- Published on
Building a Concurrent Web Crawler in Go with Redis and Docker
- Authors
- Name
In this blog post, we'll explore how to build a concurrent web crawler in Go using Go's powerful concurrency model. We'll also use Redis to keep track of the pages we've already crawled, ensuring we don't crawl the same page twice. Additionally, we'll use Docker and Docker Compose to set up a Redis server. Our crawler will fetch HTML pages and follow any links (href
tags) to subpages, outputting the HTML content to standard output.
Prerequisites
Before we get started, ensure you have the following installed on your machine:
- Go (latest version)
- Docker
- Docker Compose
Setting Up Redis with Docker Compose
First, let's set up a Redis server using Docker Compose. Create a docker-compose.yml
file in your project directory:
version: '3.8'
services:
redis:
image: redis:latest
ports:
- '6379:6379'
volumes:
- redis_data:/data
volumes:
redis_data:
Start the Redis server by running the following command in the same directory as your docker-compose.yml
file:
docker-compose up -d
Building the Web Crawler
Next, let's create our web crawler in Go. We'll start by creating a new Go project and installing necessary packages:
mkdir go-web-crawler
cd go-web-crawler
go mod init go-web-crawler
go get github.com/go-redis/redis/v8
go get golang.org/x/net/html
Create a main.go
file in your project directory with the following content:
Initialization
First, we need to initialize our Redis client and set up some global variables.
package main
import (
"context"
"sync"
"github.com/go-redis/redis/v8"
)
var (
ctx = context.Background()
redisClient *redis.Client
visited sync.Map
)
func init() {
redisClient = redis.NewClient(&redis.Options{
Addr: "localhost:6379",
})
}
In this code, we initialize the Redis client and set up a context and a sync.Map
to keep track of visited URLs. The init
function sets up the Redis client to connect to the Redis server running on localhost:6379
.
Main Function
Next, we define the main function which starts the crawling process.
func main() {
startURL := "http://example.com"
var wg sync.WaitGroup
wg.Add(1)
go crawl(startURL, &wg)
wg.Wait()
}
The main function sets the starting URL and initializes a wait group to manage our goroutines. We add one to the wait group and start the crawling process by calling the crawl
function in a new goroutine.
Crawl Function
The crawl
function performs the actual crawling, fetching pages, and processing links.

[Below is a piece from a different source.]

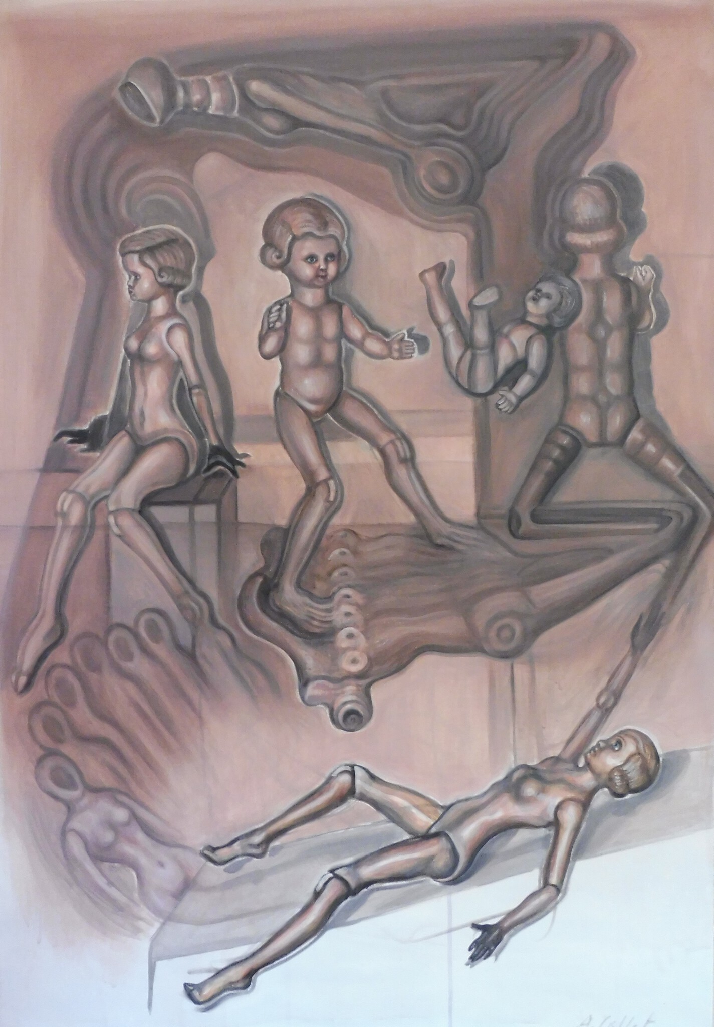 Schilderijen, tekeningen, beeldhouwwerken, collages, patchwork, poppen en meer beeldend werk van kunstenares Annick Collet

func crawl(url string, wg *sync.WaitGroup) {
defer wg.Done()
if isVisited(url) {
return
}
markVisited(url)
resp, err := http.Get(url)
if err != nil {
log.Println("Error fetching URL:", err)
return
}
defer resp.Body.Close()
if resp.StatusCode != http.StatusOK {
log.Println("Error: Non-OK HTTP status:", resp.StatusCode)
return
}
fmt.Println("Crawled:", url)
doc, err := html.Parse(resp.Body)
if err != nil {
log.Println("Error parsing HTML:", err)
return
}
for _, link := range extractLinks(doc) {
if strings.HasPrefix(link, "http") {
wg.Add(1)
go crawl(link, wg)
}
}
}
The crawl
function:
- Checks if the URL has already been visited. If it has, the function returns early.
- Marks the URL as visited.
- Fetches the page using
http.Get
. - Parses the HTML content of the page.
- Extracts links from the page and recursively crawls each link in a new goroutine.
Extract Links
We need a function to extract links from the HTML content.
func extractLinks(n *html.Node) []string {
var links []string
if n.Type == html.ElementNode && n.Data == "a" {
for _, attr := range n.Attr {
if attr.Key == "href" {
links = append(links, attr.Val)
}
}
}
for c := n.FirstChild; c != nil; c = c.NextSibling {
links = append(links, extractLinks(c)...)
}
return links
}
The extractLinks
function recursively traverses the HTML node tree and extracts all links (href
attributes) from a
tags.
Visited Functions
Finally, we need functions to check and mark URLs as visited.
func isVisited(url string) bool {
if _, ok := visited.Load(url); ok {
return true
}
result, err := redisClient.Get(ctx, url).Result()
if err == redis.Nil || result == "" {
return false
}
return true
}
func markVisited(url string) {
visited.Store(url, true)
err := redisClient.Set(ctx, url, true, 0).Err()
if err != nil {
log.Println("Error setting URL in Redis:", err)
}
}
The isVisited
function checks if a URL has been visited using both an in-memory map and Redis. The markVisited
function marks a URL as visited in both the in-memory map and Redis.
Running the Web Crawler
To run the web crawler, ensure your Redis server is running (via Docker Compose), then execute the following command:
go run main.go
This will start the crawler at the specified URL and print the HTML content of each crawled page to standard output.
Conclusion
In this blog post, we built a concurrent web crawler in Go using Go's concurrency model. We used Redis to keep track of visited URLs and avoid crawling the same page twice. By leveraging Docker and Docker Compose, we easily set up a Redis server for our application. This setup ensures efficient and scalable web crawling, leveraging Go's capabilities and Redis's performance for tracking state.
For more information and detailed documentation, visit the Go Redis documentation and the Go HTML package documentation. Happy coding!